What to do:
Leave the images out. Give every line below again, precisely.

Available data:
********
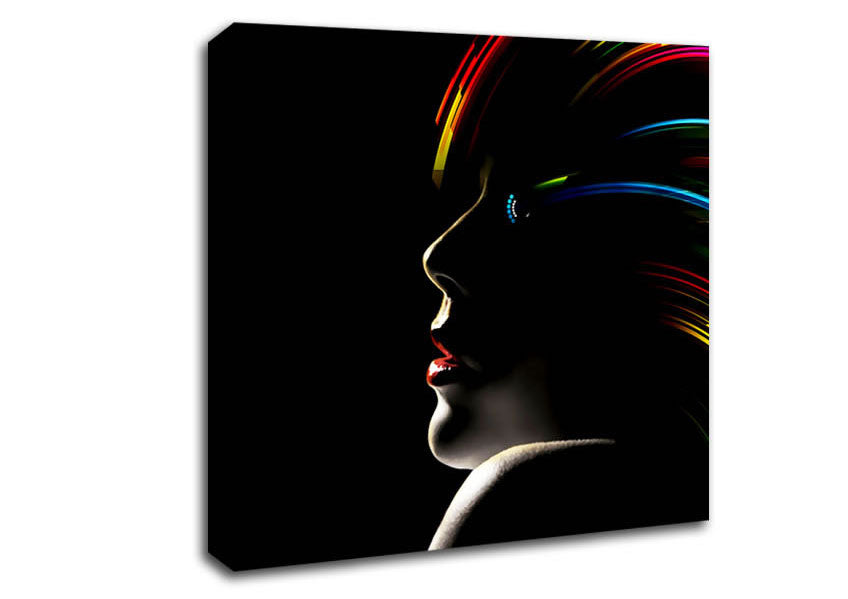 Rainbow Hair Square Canvas Print handmade in the UK. Stretched over a 2 inch thick wooden box frame, ready to hang on your wall.
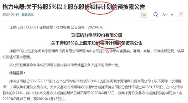 以格力电器6月19日的收盘价58.84元,京海担保此次减持的最高市值为25.23亿元。值得注意的是,这是京海担保近5年来首次启动减持计划。京海担保最近一次减持是2015年上半年,当时减持1909.61万股, 不过2015年下半年股市异常波动,京海担保又进行增持,此后一直保持持股5.36亿股未变,为格力电器的第二大股东。
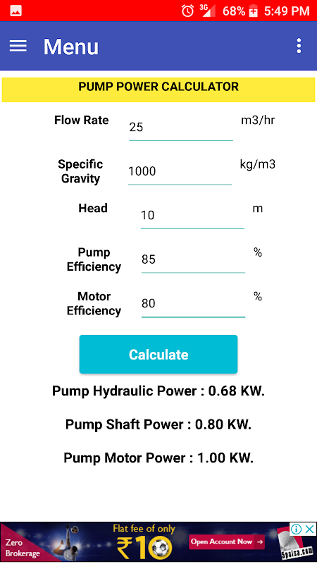 یہ ایپ پمپ ہائیڈرولک پاور ، پمپ شافٹ پاور اور پمپ موٹر پاور کا حساب لگاتی ہے
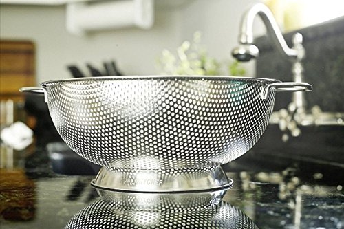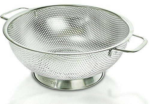 - The Priority Chef metal colander also features a sturdy ring base that will provide greater stability compared to strainers with just 3 legs that fall constantly into the sink hole!
********
Exercise response:
 Rainbow Hair Square Canvas Print handmade in the UK. Stretched over a 2 inch thick wooden box frame, ready to hang on your wall.
 以格力电器6月19日的收盘价58.84元,京海担保此次减持的最高市值为25.23亿元。值得注意的是,这是京海担保近5年来首次启动减持计划。京海担保最近一次减持是2015年上半年,当时减持1909.61万股, 不过2015年下半年股市异常波动,京海担保又进行增持,此后一直保持持股5.36亿股未变,为格力电器的第二大股东。
 یہ ایپ پمپ ہائیڈرولک پاور ، پمپ شافٹ پاور اور پمپ موٹر پاور کا حساب لگاتی ہے
 - The Priority Chef metal colander also features a sturdy ring base that will provide greater stability compared to strainers with just 3 legs that fall constantly into the sink hole!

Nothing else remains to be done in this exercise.